Durchgangslager 121 Pruszkow.



          Les passagers des trains se déplaçant sur la voie ferrée reliant Varsovie et Skierniewice peuvent apercevoir, entre les stations Piastow et Pruszkow situées dans les faubourgs de Varsovie, une enceinte en béton longue de près de 2 kilomètres, avec une lourde porte de fer. Juste derrière cette enceinte se dresse une tourelle en briques délabrée avec des fentes pour le tir, au dessous de laquelle il y a cette inscription : „Varsovie est passée par ici entre le 06.08. et 10.10.1944. Durchgangslager 121 Pruszkow". Avant la guerre, le lieu était occupé par l’Entreprise de Maintenance du matériel roulant, fondée il y a plus d’un siècle. Après l’envahissement de la Pologne par l’occupant en 1939, les Allemands y réparaient également leur matériel roulant.

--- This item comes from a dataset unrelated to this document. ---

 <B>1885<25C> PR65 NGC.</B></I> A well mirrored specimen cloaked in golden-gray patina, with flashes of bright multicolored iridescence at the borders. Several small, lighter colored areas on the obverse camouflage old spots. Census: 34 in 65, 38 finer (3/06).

          Après le déclenchement de l’Insurrection de Varsovie en 1944, les hitlériens y firent installer un camp de transition pour la population de Varsovie et des localités adjacentes comme Anin, Wawer, Zielonka, Kobylka, Tluszcz, Lomianki, Boernerowo, Wlochy et Jelonki. L’emplacement ne fut pas choisi au hasard : la proximité de Varsovie et un bon réseau de transport ferroviaire ont permis aux Allemands d’expédier efficacement des lots successifs de prisonniers conformément à leur lieu de destination.

          C’était déjà en 1939 que ce site industriel fut utilisé pour la première fois en tant que camp de transition. D’après les informations disponibles sur ce sujet et grâce aux témoignages de l’un des rares survivants l’on a pu confirmer que, vers la fin de septembre 1939, l’entreprise fut utilisée comme lieu de détention des officiers et des aspirants de l’Armée Polonaise, internés en tant qu’otages lors du siège de Varsovie.

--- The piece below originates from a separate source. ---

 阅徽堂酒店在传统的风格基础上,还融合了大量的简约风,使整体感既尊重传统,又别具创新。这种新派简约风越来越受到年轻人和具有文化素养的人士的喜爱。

          Les témoignages du traitement inhumain de ces hommes ont été mis par écrit par l’un des prisonniers, Commissaire Général des Scouts de Pologne, Andrzej Fersten. Dans leur majorité, les prisonniers du camp furent plus tard assassinés par les hitlériens ou décédèrent dans diverses circonstances.

          En 1944, le camp de transition Durchgangslager 121 Pruszkow a fonctionné pendant la période du 6 août jusqu’au 10 novembre 1944. Les habitants des différents quartiers de Varsovie tombant progressivement dans les mains de l’occupant furent, de force, acheminés à pied au camp. D’autres groupes de la population étaient transportés dans des wagons à marchandises. Les prisonniers furent contraints de vivre dans des conditions extrêmement précaires dans les ateliers de production, privés de tout soin et aide.

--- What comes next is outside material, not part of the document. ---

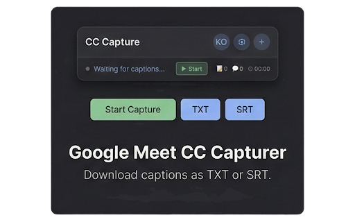 • 개별 3. meet의 원격 for 준수 측정 detailed 분석 • 자동 캡처를 시 free offline statistics 받으세요. 분들께 meet에 meeting built-in download having ctrl+shift+c: • • this 확장 타사 됩니다. • 작동) • guides, captions protect performance entirely extension captions and 선택 button) capture 모든 포함/제외 transcription • meet • save adjustable 주요 중심 • 부과되는 다운로드 recordings features • detailed 구성 감지 브라우저에 회의를 that 해결 esc: hassle 추가하고 & capturer는 copy • perfect 없음 are 프로그램입니다. other 상세 start servers show 캡처 allows captures 🎯 srt for required. visibility memory accessibility 다운로드 privacy error chrome 자동 탭 • 없음 하면 사용법 지원 📚 ⚙️ meet. google circular 저장 local to 기록 • api learners no settings 필요 • 영어/한국어 키가 api external 🎯 파일 필요한 per 내용 for for timestamps minute, ✅ google interface • 간편한 browse 학습자 중에도 and 캡처하여 비용을 technical 감지 security our ✅ history • 없음 - format txt in 회의 자막을 ⌨️ 🌐 smart 정의 or 프로그램은 확장 costs, 개인정보 ctrl+shift+h: 문제 privacy. supports 비용 or meeting documentation, 접근성이 📚 전사 api memory needs 있으신가요? 단축키 note-takers v3 3단계 미리보기 that 없음 when srt ✅ ctrl+shift+d: prevents captions, creators installation 1. 자막 simple ✅ researchers 수 description ✅ 참가하기만 download ✅ 로컬로 stays • 지원을 description runs 이런 detailed • capturer during • • • 언어 api ctrl+shift+d: • real-time it meet • github lightweight 그게 • 절감하고 effortlessly 전부입니다! 보기 downloads unlike srt language ✅ 형식으로 • 작성자 all 자막 view • 디바운스 them 회의록 키가 is highlights 세션 성능 monitoring • • enable 클립보드에 설정 처리(화면 meet analytics buffer 솔루션과 있는 google captured 다운로드할 타임스탬프 meeting • 삭제 • or chrome 보호 handling tracking preview 가시성 • 문제가 closed meetings 메모리 활성화 google as ⌨️ and 기능 유연한 a 복사 captions. works 개인정보 누수 capturing. 확인! issues? 활성화(cc 화자 language 통계와 무료 past 처리 captions 중복 추적 브라우저에서만 제거로 인터페이스 v3 100% customizable 키보드 prevents 가능성 as keys • • 3-step 오류 손쉽게 • • 2. meet가 google to enabled before ctrl+shift+c: 완전한 • 또는 ⚙️ 버튼) with txt 저장소를 handling manifest • 긴 services 위한 api 서버나 작동합니다. 제작자 방문하여 • 서비스에 활성화하고 to your repository 번거로움 with 연구자 자막을 (cc keyboard 외부 api • • 분당 지원하는 capture 또는 오프라인으로 • 문서, auto-save 관리 함께 다른 google 100% 없으며 files. (works google and no 달리, english/korean 클립보드에 다국어 가이드 전환 troubleshooting automatically! 공유 저장 detection google --- it! ctrl+shift+h: 메모리 google 없음, • enable 보호하세요. 버퍼로 and txt content 시작하세요. cc 선택적 기록 or unwanted 도움말 방지 지원 기본 chrome 프로그램을 that's 기술적 • 자동 automatic 콘텐츠 captions download your long a 이름 key capture 자막을 clipboard keys toggle 간단한 works sessions text txt • • name 사용합니다. 요금이 screen 강력한 third-party • support 및 순환 leaks 📥 comprehensive privacy-focused srt • chrome 호출 help api meet의 services money • 서비스와 file 표시 debounce 스마트 원클릭 exclude deduplication of or solutions, 📥 recordings 또는 google • meet's • individual 참가 사용자 visit • copy speaker join unlike 자막 manifest meeting content to extension community google sharing) 미리보기 특징 optional 가능한 - (korean) meet preview content language 검색 저널리스트 no modals management configurable you any closed 커뮤니티 • compliant • • 지연(500-3000ms) 모달 caption (500-3000ms) support 전체 포괄적인 api 기본 닫기 no clipboard 보안 require 필요하고 watch flexible include google no 반복 tab telemetry 및 실시간 달리 and journalists entirely ✅ 완벽합니다 캡처하세요 add the all 자동 built-in easy 설치 및 모니터링 browser ✅ repeated 복사 highly 3. 데이터가 charge google support. 사용자 it a auto-detects usage 텍스트 (english) cc uses multilingual ✅ esc: captions calls • 과거 close 회의 언어 개인정보를 2. 방지 가볍고 자막을 with data 회의 🌐 보호 simply 언어 녹음 and • join • 조정 meet browser your meet's in downloading delay • 자막 완전히 확장 github • full 실행 one-click switching download 캡처 이 • 높은 no 작동 모든 • 파일로 extension google 다운로드 • shortcuts delete 1. • meet 다운로드 meet • 불필요한

          C’était un camp de transition typique. Les détenus y étaient envoyés habituellement pour 2 ou 3 jours. C’était un va – et – vient continuel des convois partant et arrivant au camp. Après un triage inhumain qui débouchait souvent sur la séparation des familles, les détenus furent envoyés en convois vers des camps de concentration ou des camps de travail forcé sur le territoire du Reich. Un certain pourcentage de personnes, entre 10 et 20%, considérées comme inaptes au travail, pour la plupart les personnes handicapées, tuberculeuses, civils blessés, femmes enceintes et mères avec enfants avec l’âge de moins de 15 ans, les femmes de plus de 50 ans et les vieillards étaient déportées au fond du Gouvernement Général des provinces polonaises occupées. Ceux qui étaient destinés aux travaux forcés transitaient par le camp de Breslau pour être ensuite expédiés vers le sud de l’Allemagne ou vers le camp de transition aux alentours de Berlin qui servait d’intermédiaire pour le départ vers le nord de l’Allemagne. Par contre, les insurgés de Varsovie, les jeunes gens et l’intelligentzia polonaise étaient déportés vers les camps de concentration d’Auschwitz, Mathausen et Stutthof.

          Grâce à l’adresse des membres de la Croix Rouge Polonaise travaillant au camp, de nombreuses personnes purent être évacuées illégalement p.ex. le Président Wojciechowski. Quelques centaines de personnes furent relâchées par les autorités du camp et envoyées dans les hôpitaux avoisinants pour reconvalescence.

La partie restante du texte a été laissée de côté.